Unborn babies with Down syndrome are targeted for abortions at astronomical rates, and parents frequently report feeling pressured to abort them.
A recent CBS News report shocked the nation with its exposure of the discriminatory abortion trend. According to the report, nearly 100 percent of unborn babies who test positive for Down syndrome are aborted in Iceland.

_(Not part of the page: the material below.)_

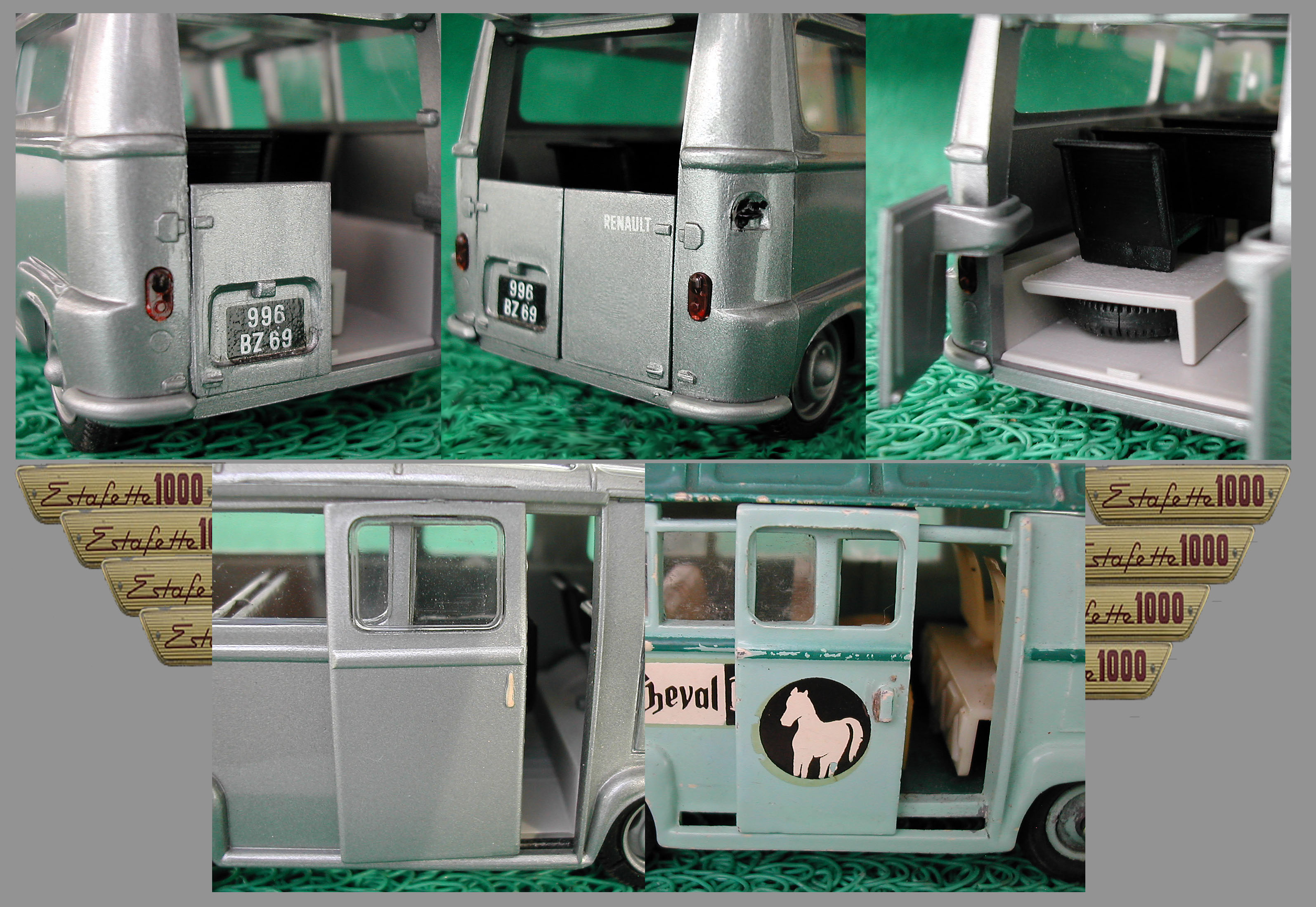 Mitään oikean auton historiikkia en tähän tarjoile, niitä on kirjoitettu asiasta paremmin tietävien toimesta aiemminkin ja juhlavuosi tuottaa varmasti muutaman lisää. Alkujaan oli tarkoitus esitellä laajan kuvakavalkadin muodossa mahdollisimman monta Estaa, mutta malleja valikoidessamme huomasimme, etteivät ne erot olleetkaan kovin suuria. Melkein koko rivi muodostui erilaisista umpimallin pakettiautoista, joissa suurimpina eroina olivat ainoastaan teippaukset. Saatavilla ei ollut matkailuautoa, ei liioin ambulanssia ja ainoa uudemman maskin omaava autokin oli hyvin pelkistetty muovimalli, joten ikkunallinen ns. pikkubussi äänestettiin valikoiman erilaisimmaksi yksilöksi. Leikkiauto ja keräilyauto Keräilyyn tarkoitetun mallin esittely oli itsestäänselvyys, mutta rinnalle otettiin myös vastaava, vanhin pienoismalli mitä hyllystä löytyi. Metallihohtoharmaa, vuosimallin 1963 auto on kokonaan kovaa muovia, valmistusvuodeksi Norev ilmoittaa 1995 ja esikuvaansa mukaillen tämä on aito ranskanpeli, eikä mikään kiinalainen juttu. Auton nokalla on mallimerkintä "800", joissain kuvissa esiintyy Estafette 1000-logo, sillä se oli ainut mitä oli saatavilla. Vihreä, jo maailmaa nähnyt metallinen leikkiauto on sekin ranskalaisen tehtaan tuote, eikä se häviä iässä paljoakaan esikuvalleen. Sen valmistaja on jo pienoismalliväelle tutuksi tullut CIJ ja valmistusvuodeksi ilmoitetaan 1961, mallimerkintää ei lue missään, joten se saa olla nyt kuvitteellinen Estafette 1000. Nuo numeromerkinnät ja niiden tarkoitus vaihtelivat todella paljon ihan lähdemateriaalista riippuen, eikä malli 1000 aina ollutkaan se kantavampi versio, joten pikkubussin teippikin saattaa olla ihan hatusta vedetty, mutta ei nyt jumiteta siihen vaan keskitytään ainoastaan pienoismalleihin. | |

The rate in France was 77 percent in 2015, 90 percent in the United Kingdom and 67 percent in the United States between 1995 and 2011, according to CBS. Some put the rate as high as 90 percent in the U.S., but good statistics are not available.
By sharing the twins’ story, Prescott said she hopes to help people see the precious value of every child’s life, no matter what their abilities.
“All children are likely to get illnesses and injuries, not just children with Down’s syndrome,” she said. “The crazy love we have for our girls surpasses any emotional strain resulting from their medical needs. I would still undoubtedly, choose my children just as they are.”